> _YOUR TASK_
This exercise asks for an exact copy of every entry below, with pictures omitted.

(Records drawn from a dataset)
=== Begin Enclosure ===

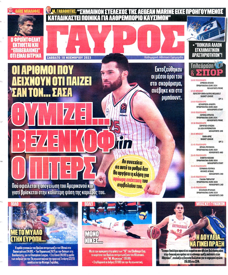 ΠΡΩΤΑΘΛΗΤΗΣ - 18 Νοεμβρίου 2023
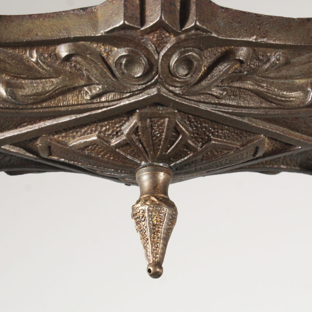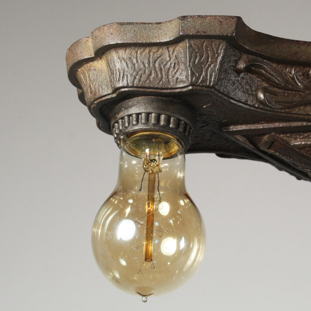 A fabulous antique Neoclassical two-light flush mount fixture, signed by Lasalle Mfg and dating from the early 1900’s. This flush mount is in excellent condition, and has been professionally rewired with all the necessary attachments for modern installation. The fixture measures 12-1/4″ long, 5-5/8″ wide, and 4-1/4″ tall (does not include bulbs).
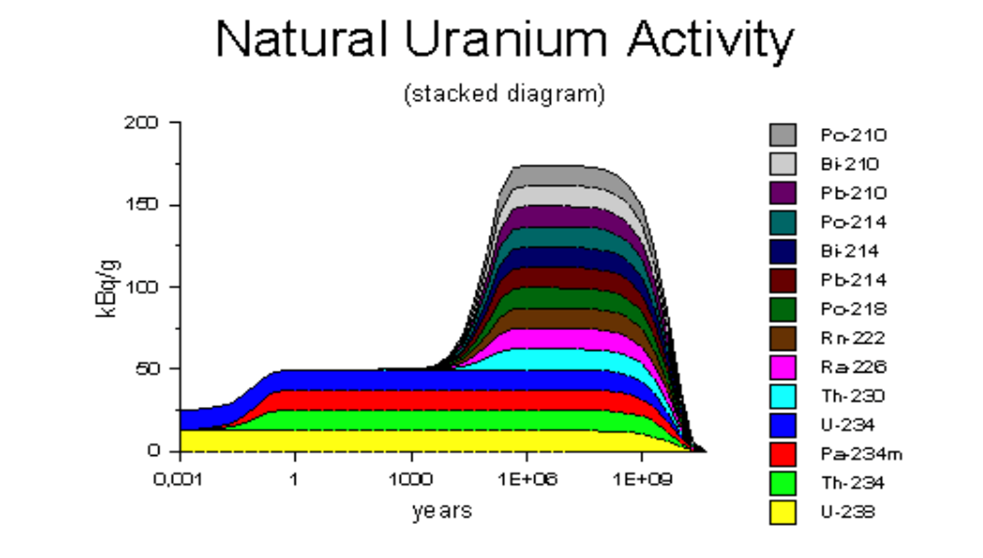 Die Strahlenschutzverordnung nennt noch ein zusätzliches Kriterium für NORM, welches erfüllt sein muss: Die Zerfalls- oder Umwandlungs- produkte des Urans müssen im Gleichgewicht sein.
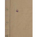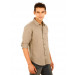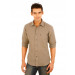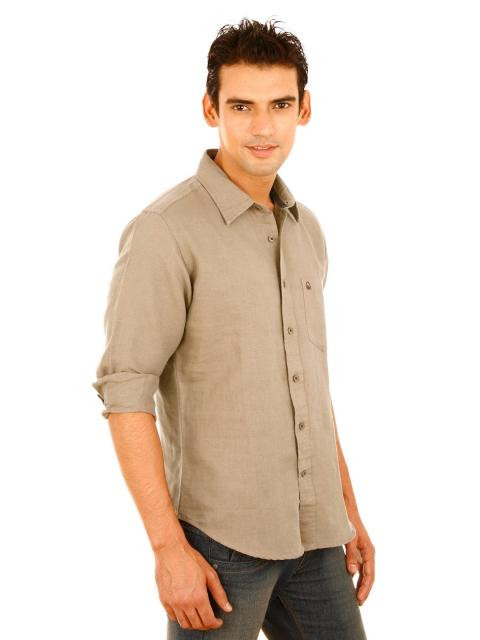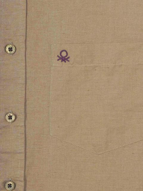Light brown full-sleeve shirt made of 67% linen and 33% cotton, has tape detailing on the inseam of the collar, patch pocket on the left chest with embroidered logo, full length buttoned placket and a curved hemline
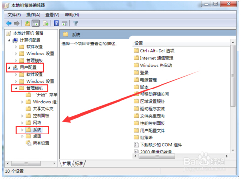 3、这时就打开了【本地组策略编辑器】窗口,然后在窗口中依次打开【用户配置】
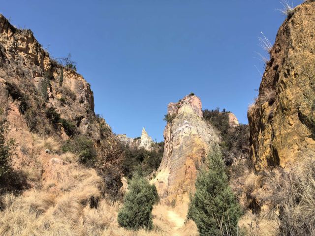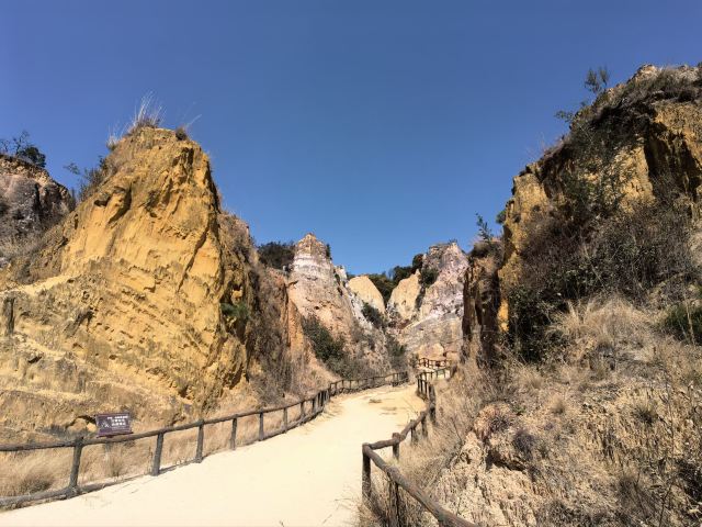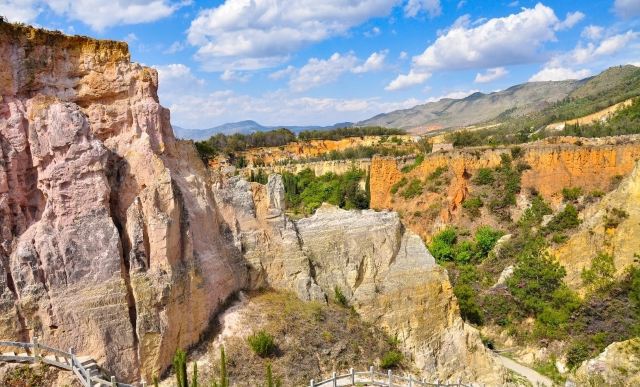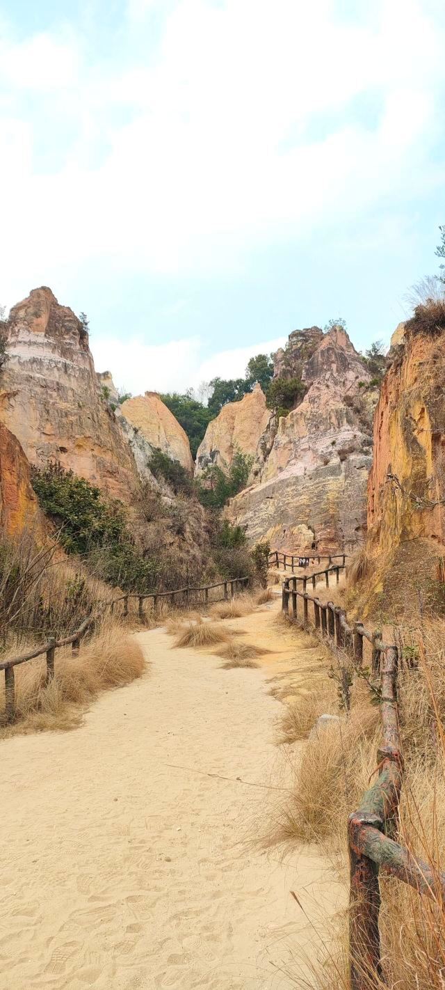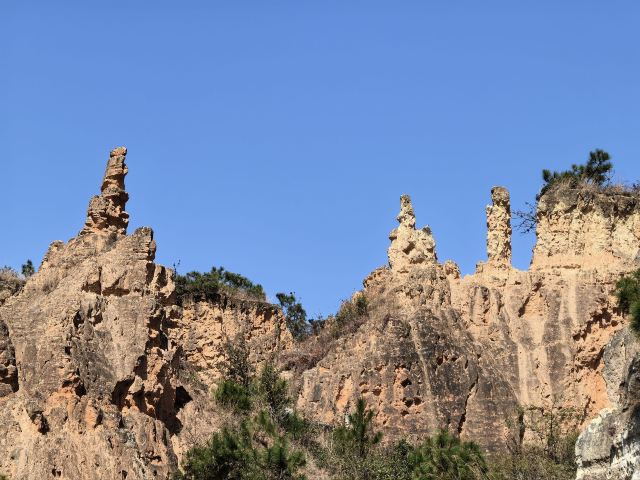 陆良彩色沙林位于陆良县城东南面18公里处,是一处以天然沙柱、沙峰为主要看点的景区。陆良彩色沙林和与路南石林、元谋土林并称“云南三林”,但这里没有路南石林那么出名,游人相对较少,是个可以静心赏景的地方。

=== End Enclosure ===

> _WRITTEN SOLUTION_
 ΠΡΩΤΑΘΛΗΤΗΣ - 18 Νοεμβρίου 2023
 A fabulous antique Neoclassical two-light flush mount fixture, signed by Lasalle Mfg and dating from the early 1900’s. This flush mount is in excellent condition, and has been professionally rewired with all the necessary attachments for modern installation. The fixture measures 12-1/4″ long, 5-5/8″ wide, and 4-1/4″ tall (does not include bulbs).
 Die Strahlenschutzverordnung nennt noch ein zusätzliches Kriterium für NORM, welches erfüllt sein muss: Die Zerfalls- oder Umwandlungs- produkte des Urans müssen im Gleichgewicht sein.
Light brown full-sleeve shirt made of 67% linen and 33% cotton, has tape detailing on the inseam of the collar, patch pocket on the left chest with embroidered logo, full length buttoned placket and a curved hemline
 3、这时就打开了【本地组策略编辑器】窗口,然后在窗口中依次打开【用户配置】
 陆良彩色沙林位于陆良县城东南面18公里处,是一处以天然沙柱、沙峰为主要看点的景区。陆良彩色沙林和与路南石林、元谋土林并称“云南三林”,但这里没有路南石林那么出名,游人相对较少,是个可以静心赏景的地方。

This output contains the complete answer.